**Input data**.

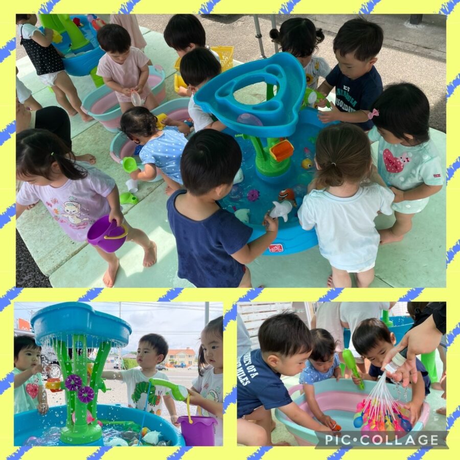 カップの中に水風船を入れ、アイスに見立ててお店屋さんごっこをしたり、スポンジに水を含ませたり、魚釣りやお友達同士で水を掛け合ったりして楽しんでいました🎶¨̮
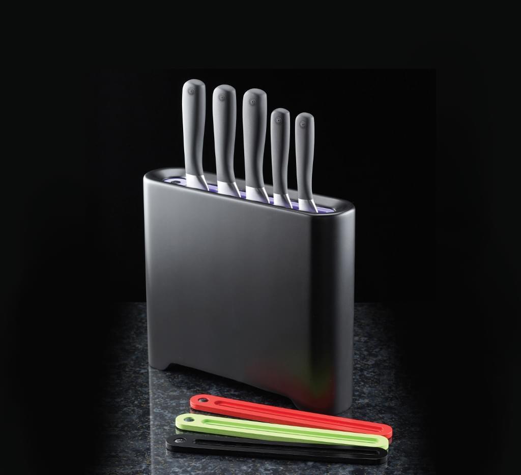 Kleur in de keuken. Gripi speelt in op die tendens en zet een trendy messenblok neer als eyeopener. Zwarte blokken, felle tintjes.
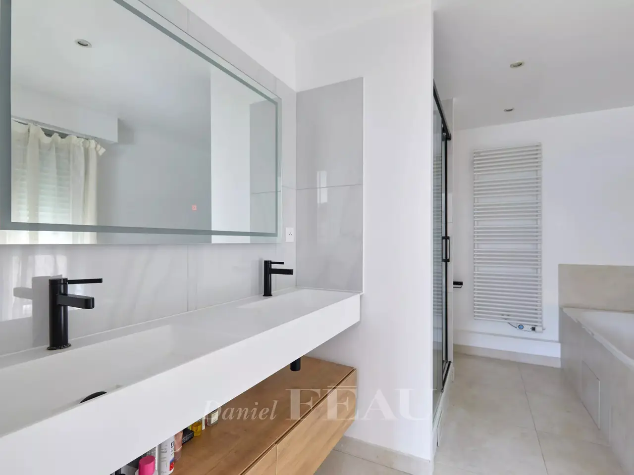Saint Dominique/Gros Caillou neighbourhood. This apartment in very good condition is on the 4th floor of a peaceful relatively recent residence. Offering about 146 sqm of floor space and 137.57 sqm of living space as defined by the Carrez Law, it includes a living/reception room, a dining room, a kitchen opening onto west-facing balconies commanding a view of the Eiffel Tower, a master bedroom with a bathroom opening onto a fully south-facing terrace, two further bedrooms, a bathroom, a utility room and two wc. With a parking space and two cellars.

**Exercise objective**.
Keep every word of the material exactly as given. Drop the pictures.

**Your response**.
 カップの中に水風船を入れ、アイスに見立ててお店屋さんごっこをしたり、スポンジに水を含ませたり、魚釣りやお友達同士で水を掛け合ったりして楽しんでいました🎶¨̮
 Kleur in de keuken. Gripi speelt in op die tendens en zet een trendy messenblok neer als eyeopener. Zwarte blokken, felle tintjes.
Saint Dominique/Gros Caillou neighbourhood. This apartment in very good condition is on the 4th floor of a peaceful relatively recent residence. Offering about 146 sqm of floor space and 137.57 sqm of living space as defined by the Carrez Law, it includes a living/reception room, a dining room, a kitchen opening onto west-facing balconies commanding a view of the Eiffel Tower, a master bedroom with a bathroom opening onto a fully south-facing terrace, two further bedrooms, a bathroom, a utility room and two wc. With a parking space and two cellars.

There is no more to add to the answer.